LES FONDS DE TIROIR D’ EDWARD BUNKER FONT LES BONS ROMANS CHEZ RIVAGES. SEPT ANS APRÈS SA MORT, L’ ANCIEN TAULARD RESTE UN DES ÉCRIVAINS PHARES DE LA MAISON.

DE EDWARD BUNKER, ÉDITIONS RIVAGES/THRILLER, TRADUIT DE L’ANGLAIS (USA) PAR FREDDY MICHALSKI, 236 PAGES.

« Chez les dingues, j’ai soulevé tous les givrés et déclenché une insurrection. On m’a expédié en prison. Là, on savait qui j’étais… Tout ça se termine quand je me fais la belle la nuit, pendant que les émeutes de Watts battent leur plein. Alors, vous la voulez cette histoire? » Ainsi écrivait Edward Bunker à son éditeur américain, quelques années avant sa mort, en 2005, au moment de lui proposer quelques nouvelles.
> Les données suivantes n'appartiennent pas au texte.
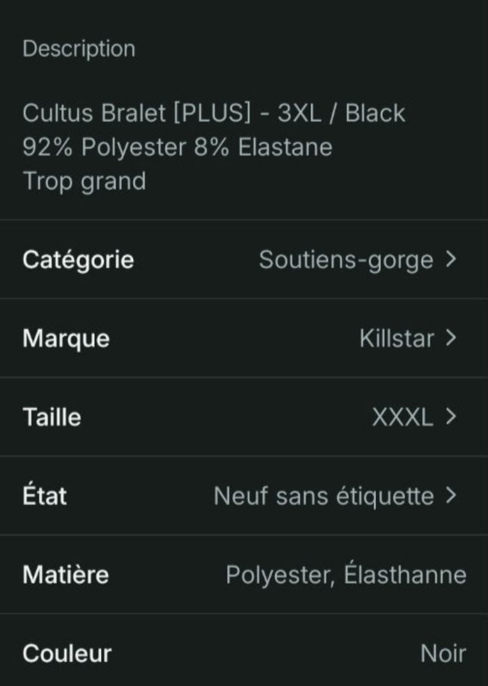 Brassière neuve Killstar trop grande pour moi
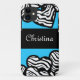 Girly, blue, black and white pattern with animal print hearts. Add your own text !
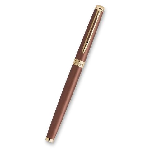 Roller Waterman Hémisphére The Understated Edit Copper Red GT s tělem a víčkem z nerezové oceli povrchově upravené metalickým lakem v barvě copper red. V kombinaci s doplňky potaženými světlým zlatem a úchopovou částí z černé pryskyřice.
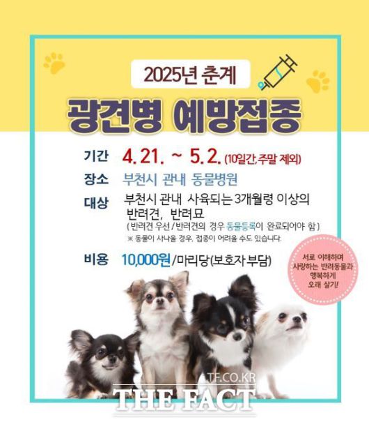 [더팩트|부천=김동선 기자] 경기 부천시는 오는 21일부터 5월 2일까지 평일에 관내 동물병원 71곳에서 춘계 광견병 예방접종을 실시한다고 14일 밝혔다.

Des récits jamais complètement autobiographiques mais marqués, comme sa lettre, du sceau de l’authenticité. Edward Bunker savait en effet de quoi il parlait quand il écrivait sur la taule, y ayant passé plus d’un tiers de sa vie. Un chemin de croix qu’il a transformé en rédemption en devenant non seulement écrivain, mais l’un des plus fameux lorsqu’il s’agit de raconter le milieu carcéral américain. La preuve par ce qui restera sans doute l’une de ses dernières traductions: les éditions Rivages ont désormais probablement fait le tour, avec cette Evasion du couloir de la mort, de sa production trop modeste. Mais elles auront bien fait: quelques pages de Bunker, et de son traducteur Freddy Michalski, valent bien des polars plus conséquents.

Six nouvelles donc -sept en comptant cette brève introduction-, parfaitement dans l’esprit du bonhomme, et qui toutes se passent à l’ombre. Parfois dans la peau d’un Noir, parfois dans les années 30, et souvent à Saint Quentin,  » la maison de Dracula« , pénitencier de Californie connu pour être l’un des pires, où Bunker a passé de longues années, et dont il avait même réussi à s’évader par deux fois. Des récits forcément brutaux, d’une précision chirurgicale et évidemment abominables quant aux conclusions que Bunker en tire, sans jugement ni pitié: les prisons américaines sont et restent des machines à broyer ou, au mieux, à transformer des criminels en bêtes.

Une bonne intro à la Bête

Bunker nous apprend ici  » le secret de la marche jambes enchaînées« , la fatalité implacable des rapports raciaux – » Nom de Dieu, pour ce qui était de les haïr, les Blancs facilitaient bien les choses au reste du monde« – ou la déshumanisation complète de l’encadrement des condamnés à mort – » La mort serait longue, et lente« … Mais Bunker y plante aussi quelques graines d’espoir et d’évasion, concrètes ou littéraires: l’un de ses personnages, qui lui ressemble, ne lâche jamais son bouquin de Régis Debray.

Si ces tranches de vie n’atteignent jamais la portée de son roman culte Aucune bête aussi féroce, premier d’une Trilogie de la Bête qui reste un summum du genre, 40 ans après son écriture, et qui vaut bien plus que son étiquette carcérale, cette Evasion offre une excellente introduction à son univers. Ces nouvelles-là ont le goût des premières éditions de Rivages, lorsque l’éditeur français était au sommet de son art. Un recueil exemplatif aussi de ce que la maison doit à Freddy Michalski, l’un de ses meilleurs traducteurs, d’Ellroy à James Lee Burke. On retrouve ici autant sa patte que celle de notre ancien taulard, et c’est une autre bonne nouvelle.